Quite simply, I need to store time series data in a document. I have decided that having a document responsible for a 30 minute period of data is reasonable. The document could look like this:
But this is only one of about a few hundred/thousand documents that will be updated every second.
{
_id: "APAC.tky001.cpu.2011.12.04:10:00",
field1: XX,
field2: YY,
1322971800: 22,
1322971801: 23,
1322971802: 21,
// and so on
}
This means that every 30 minutes, I create the document with _id
, field1
and field2
. Then, every second I would like to add a timestamp/value combination.
I am using the mongo c library, I was assuming it would be superfast but the way I am doing this requires an mongo_update
which cannot be done in bulk. I don't think there's a way to use mongo_insert_batch
.
Unfortunately, it's super slow - terrible performance. Am I doing this completely incorrectly? By terrible, I mean that by doing some crude work I get 600/second, in an alternate db (not naming names) I get 27,000/sec.
The code is approximately:
for (i=0;i<N;i++) {
if (mongo_update(c,n,a,b,MONGO_UPDATE_UPSERT,write_concern) != MONGO_OK)
// stuff
}
setting write concern off or on makes no difference.

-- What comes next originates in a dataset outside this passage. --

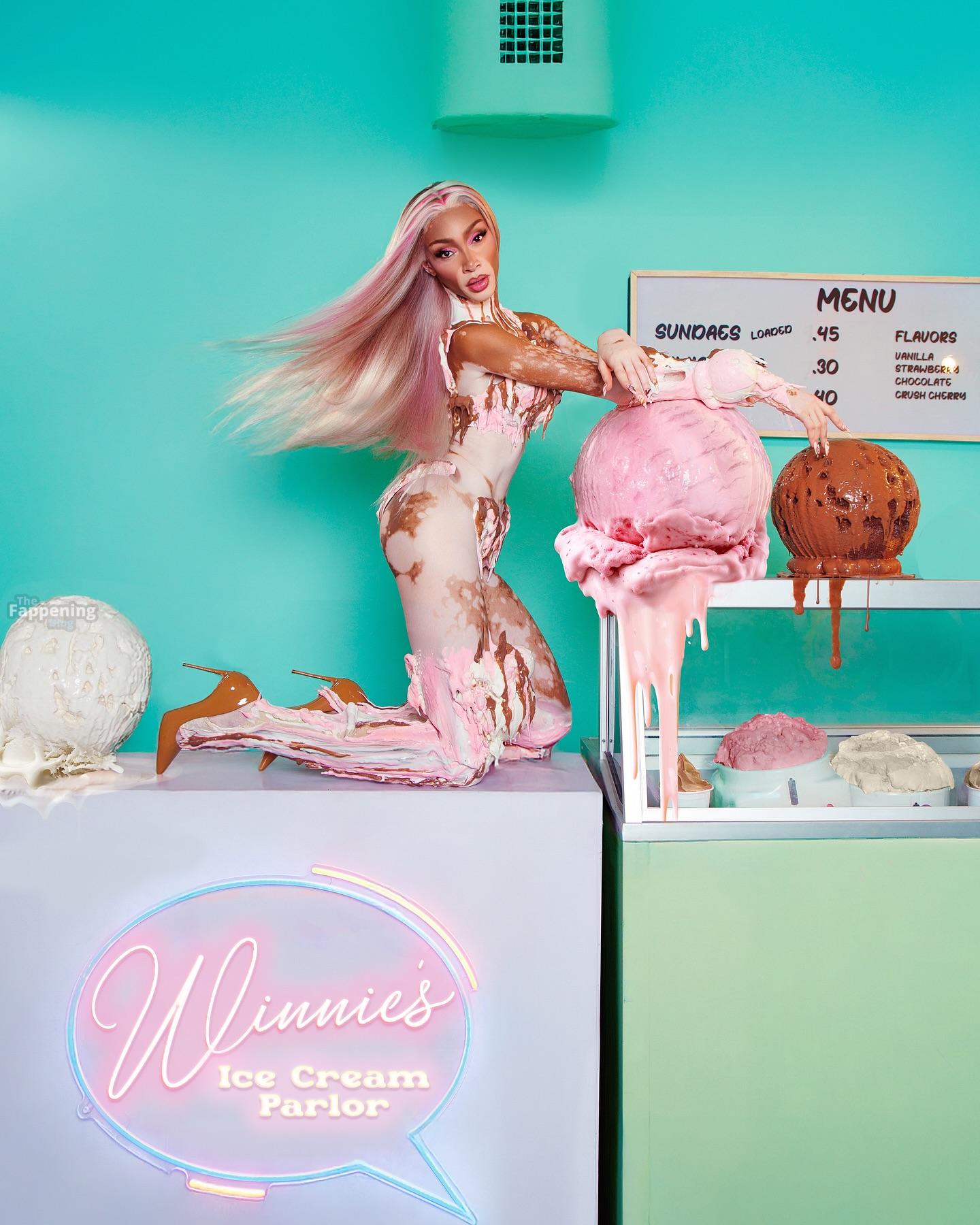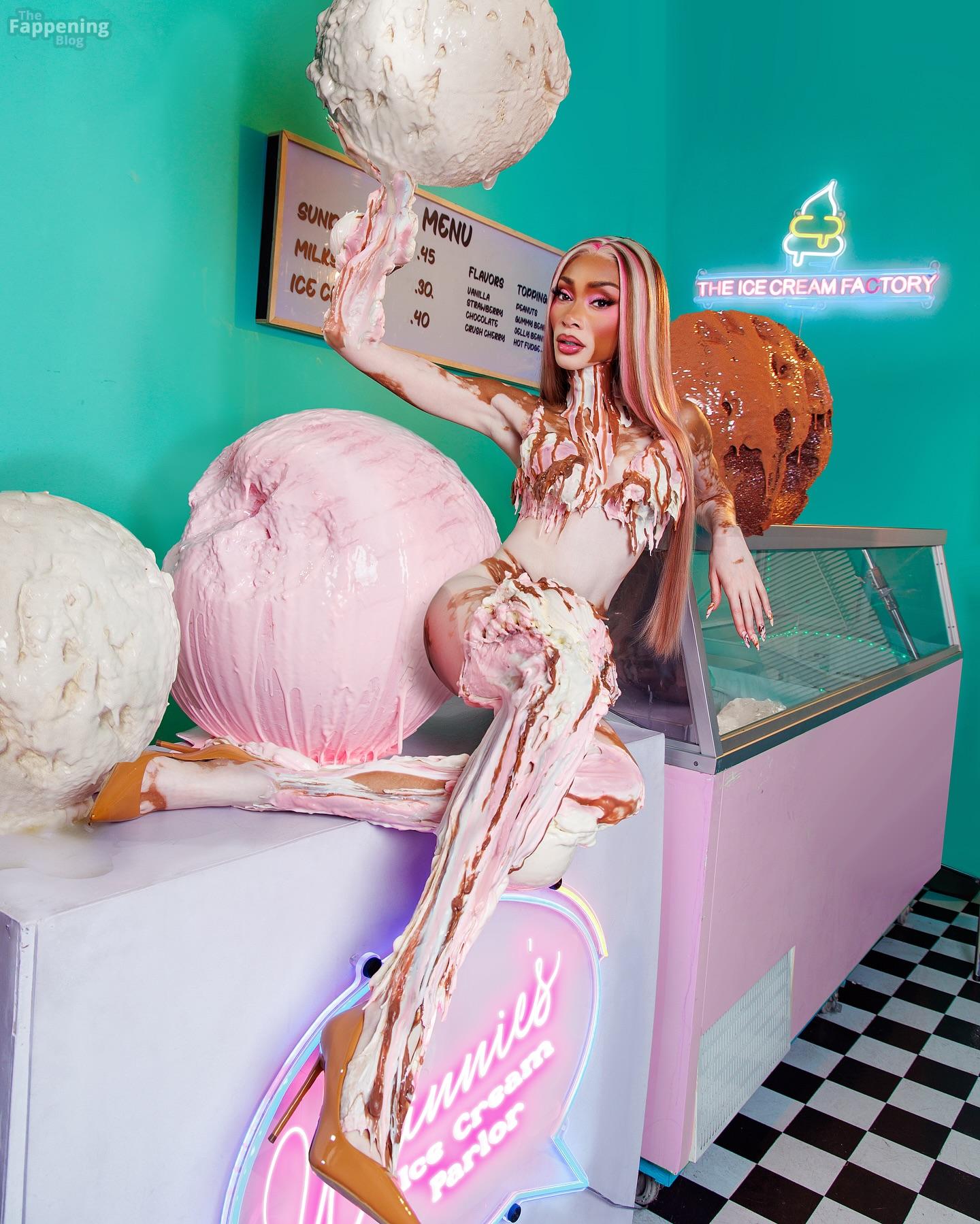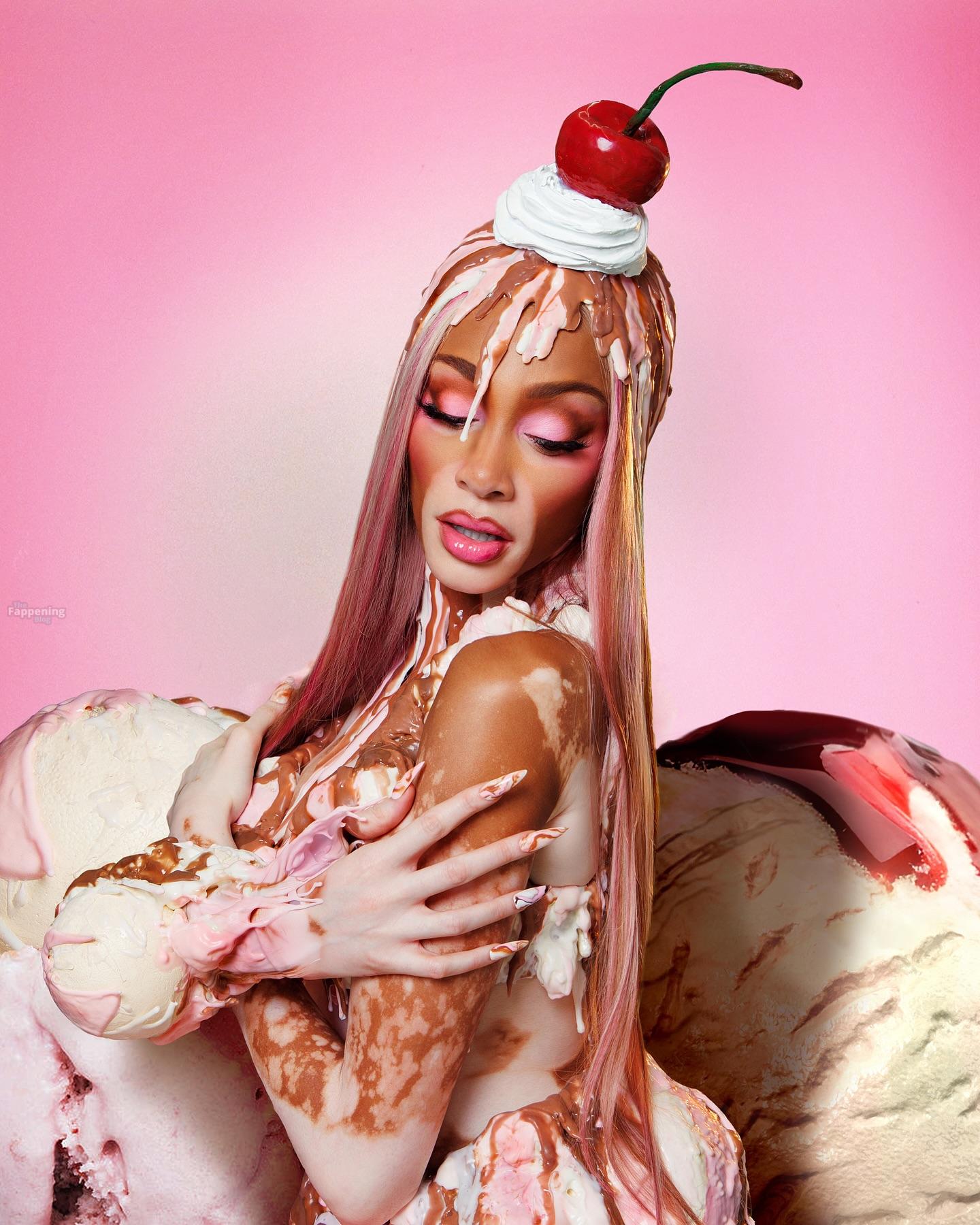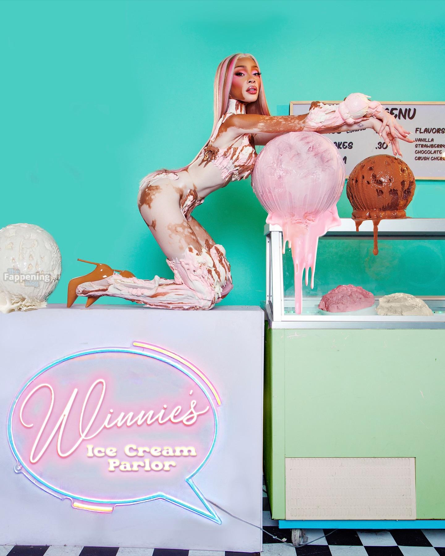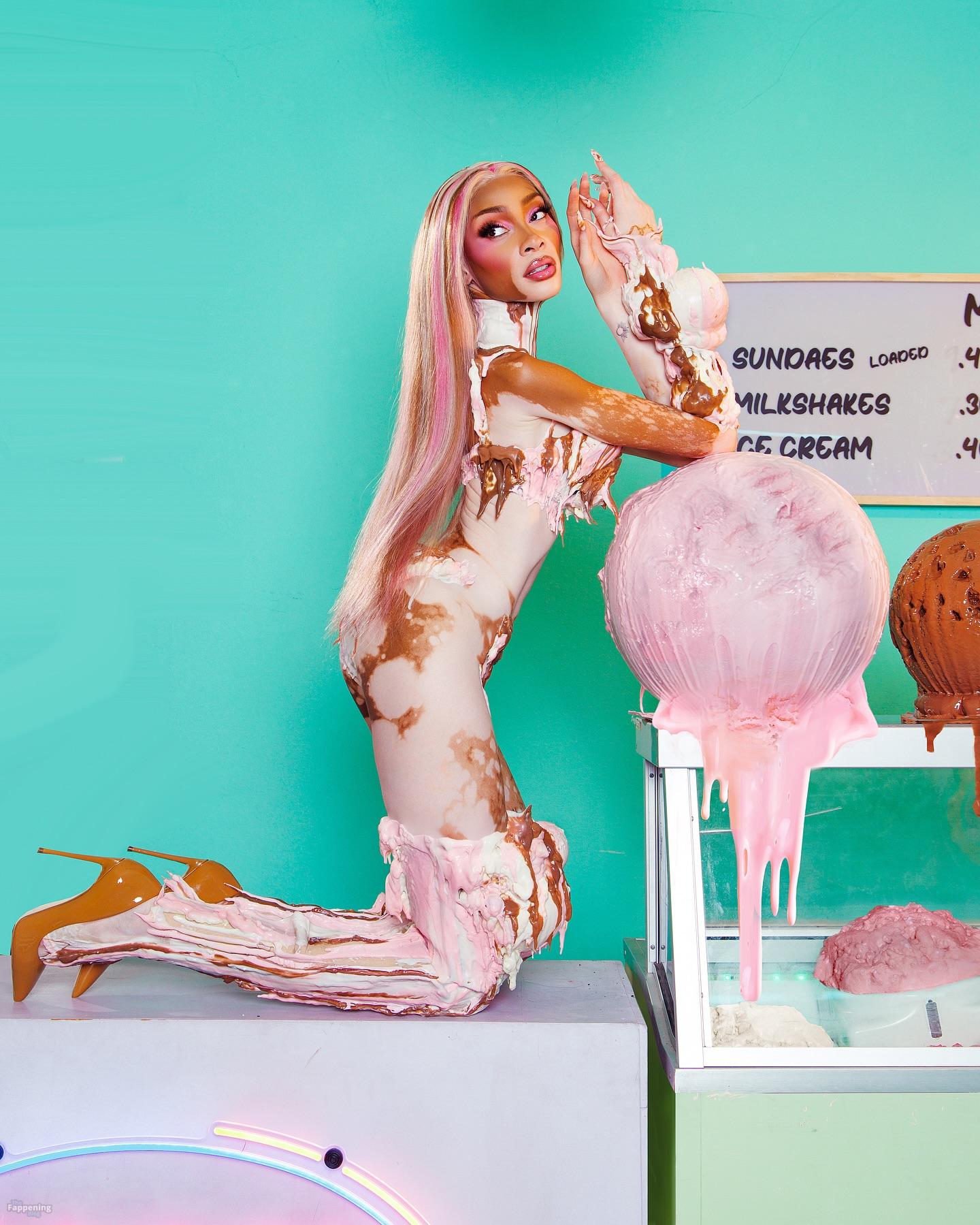 Винни Харлоу придумала самый оригинальный костюм на Хэллоуин в этом году. Она нарядилась в монстра мороженого. Это убийственная идея — сексуальная, полуобнажённая девушка, покрытая мороженым, страшная как ад. На фото модель с витилиго позирует в магазине мороженого, выглядя как часть меню. Ты бы слизал это сладкое белое мороженое с неё? Чёрт возьми, да.

Your updates are likely to grow documents out of bounds each time. This means that update is no longer cheap, because mongo has to copy the document to a new location. You could manually pad documents by inserting some large dummy value when creating the document and removing it later, so that your updates happen in-place. I'm not sure if you can manipulate collection-level paddingFactor directly.
In that another unnamed database you probably insert a row per entry, which is totally different operation from what you are doing here.